Brewery owner Mathias Pschorr had the building renovated and expanded in 1851 and built additional buildings, including one of three-stories, on its narrow side on the Blumenstraße three-axle extension with two superimposed halls left of the main building, and several additional buildings on the edge of the former bastion.

The builder and contractor, Ludwig Deiglmeier, acquired the area towards the end of the 19th century. He continued to add onto the building in 1889 and rebuilt the wing to the right of the entrance axis.

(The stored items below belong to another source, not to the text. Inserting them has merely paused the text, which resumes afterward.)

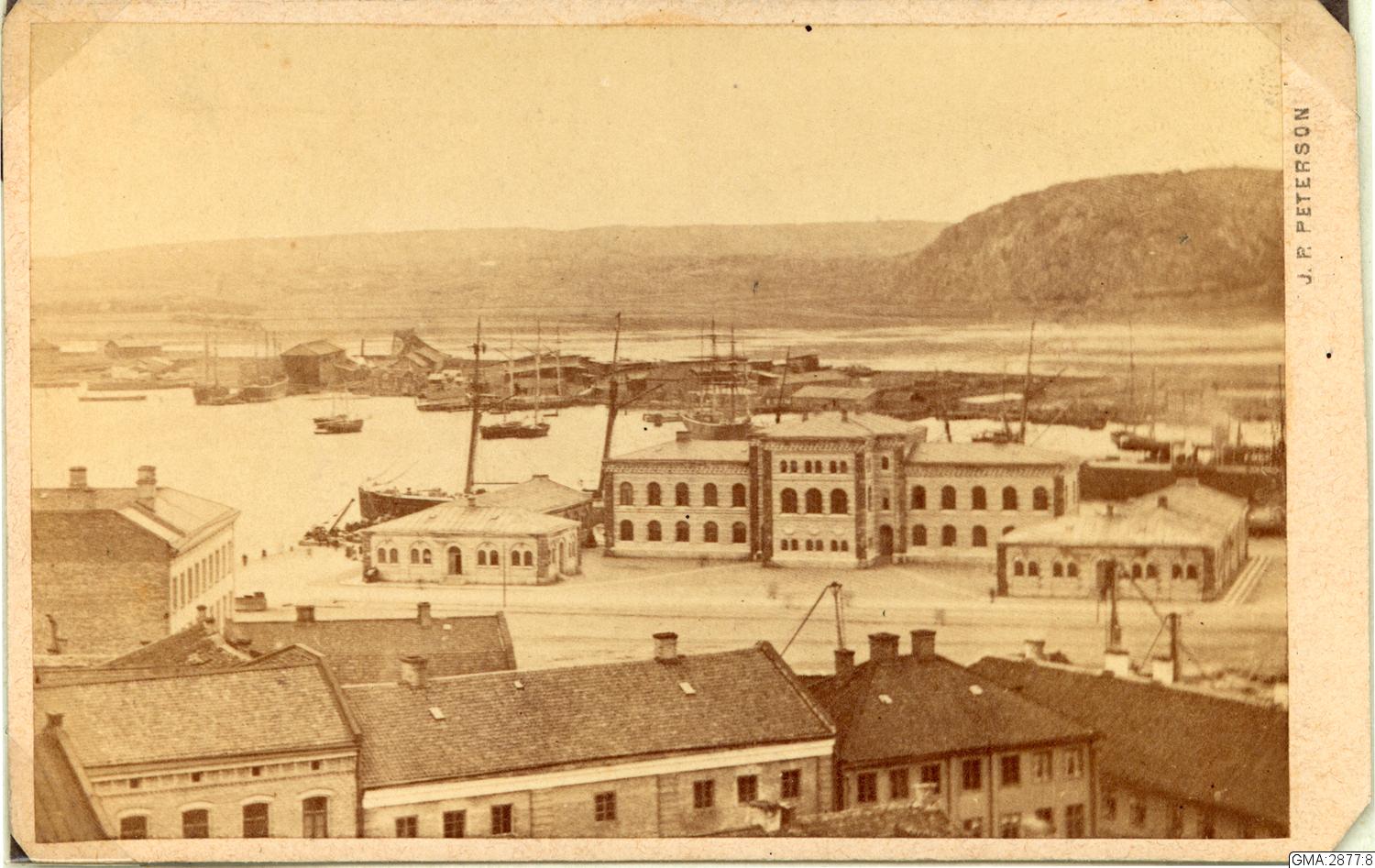 Utsikt från Kvarnberget över Packhusplatsen och hamnen. Till höger syns Ramberget.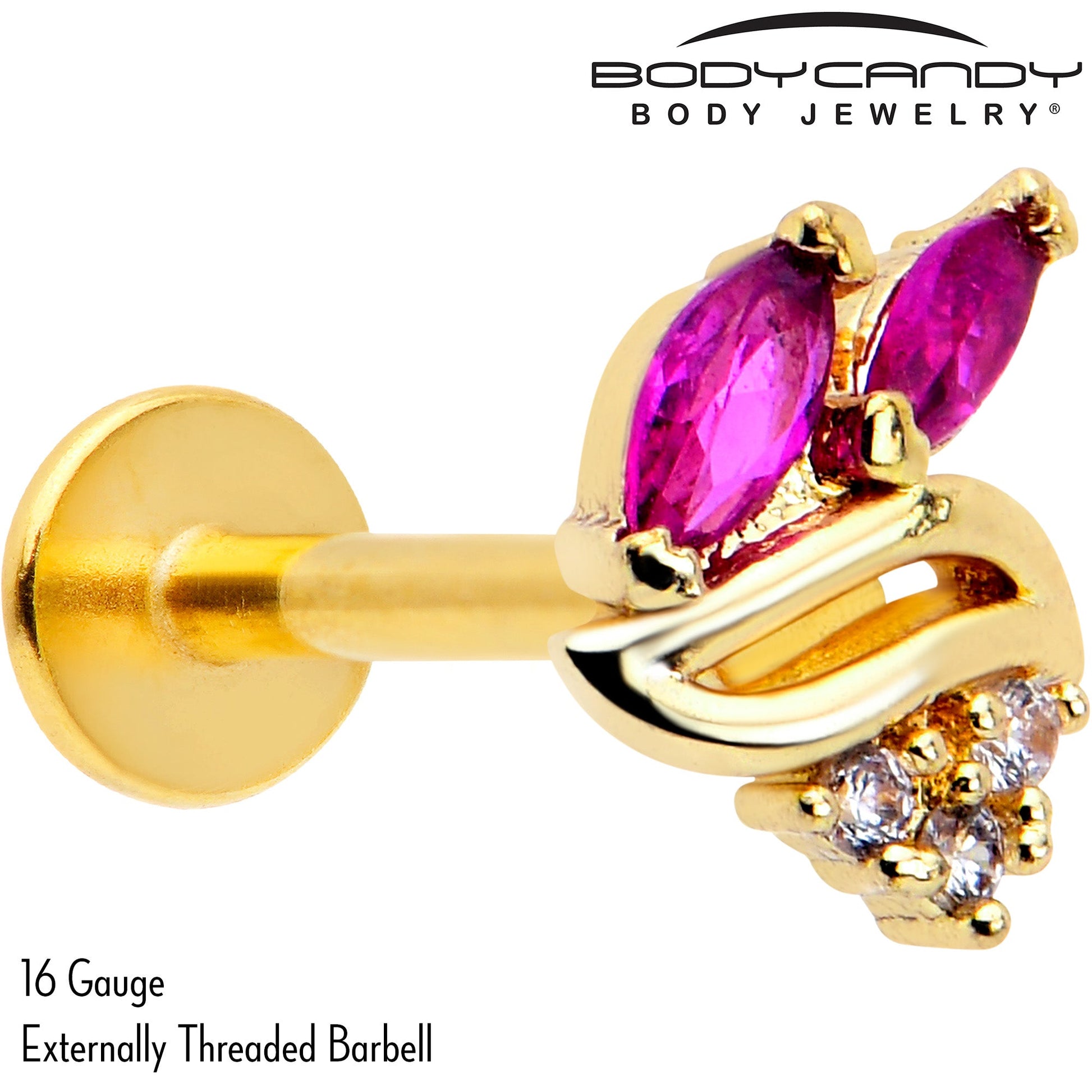 You're sure to be a fan of this 16 gauge lip ring. It's made with an 8mm gold tone PVD over 316L surgical grade stainless steel straight post with a flat disc end. It features a pair of red cubic zirconia gems fanned out and set above a swirl embellishment. At the base are clear cubic zirconia gems for an added touch of style. You can even rock it in multiple piercings including lip, monroe, tragus, helix, and some conch piercings. This cartilage piercing jewelry has so much glamour it'll make your head swirl.Specifications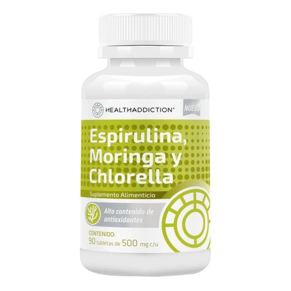 Descubre el poder de nuestro Complejo de Espirulina, Chlorella y Moringa de HEALTHADDICTION, un suplemento alimenticio vegano que combina la fuerza de tres superalimentos en 90 tabletas de 500 mg. Este blend único está diseñado para ofrecerte una concentración excepcional de antioxidantes y nutrientes esenciales que apoyan tu salud y bienestar diario.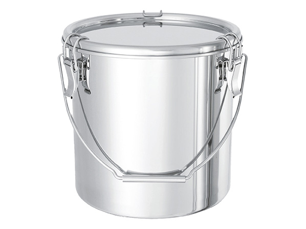 こちらのオーダーメイド事例のベースとなる製品として、「テーパー型吊り下げ式密閉容器(クリップ式)TP-CTB-33」があります。また、標準で目盛りが付いたステンレス容器もあります。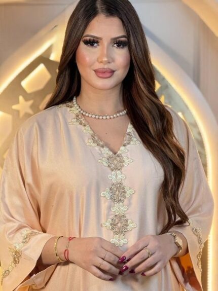 Robe d’hôtesse avec un perlage fait à la main ✨️ le tissu Mlifa de haute qualité.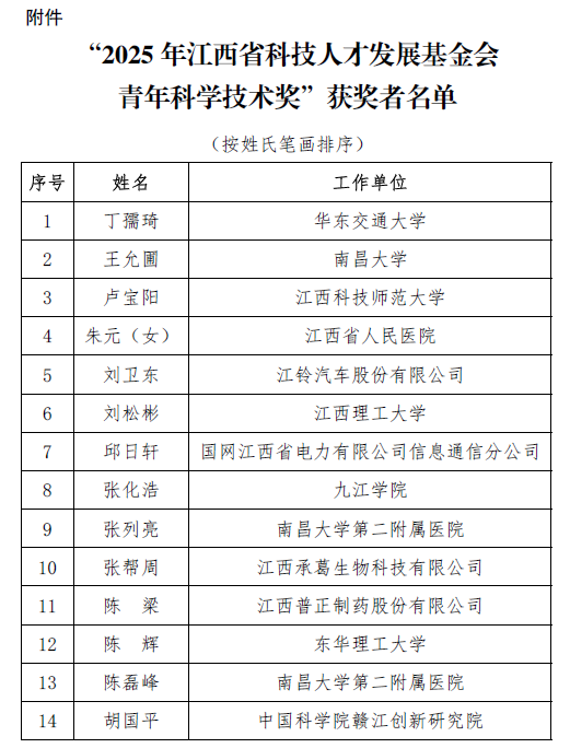 “江西省科技人才发展基金会青年科学技术奖”于2021年6月设立,每两年评选一次,每届获奖人数不超过20名。此奖项旨在表彰为江西省经济发展、社会进步和科技创新做出突出贡献的青年科技工作者,是我省青年科技人才领域的重要奖项。

He also built adjacent to the corner building Angertorstraße 1 (1888–1889) and its adjacent building Angertorstraße 3 (1888–1890).

From 2004 to 2014, the cafeteria on the ground floor was the bar Café am Hochhaus, which had to close after the lease expired in August 2014. The restaurant area, like the entire building in the years before was to be renovated, to which its use before the renovations were complete was denied due to fire safety reasons.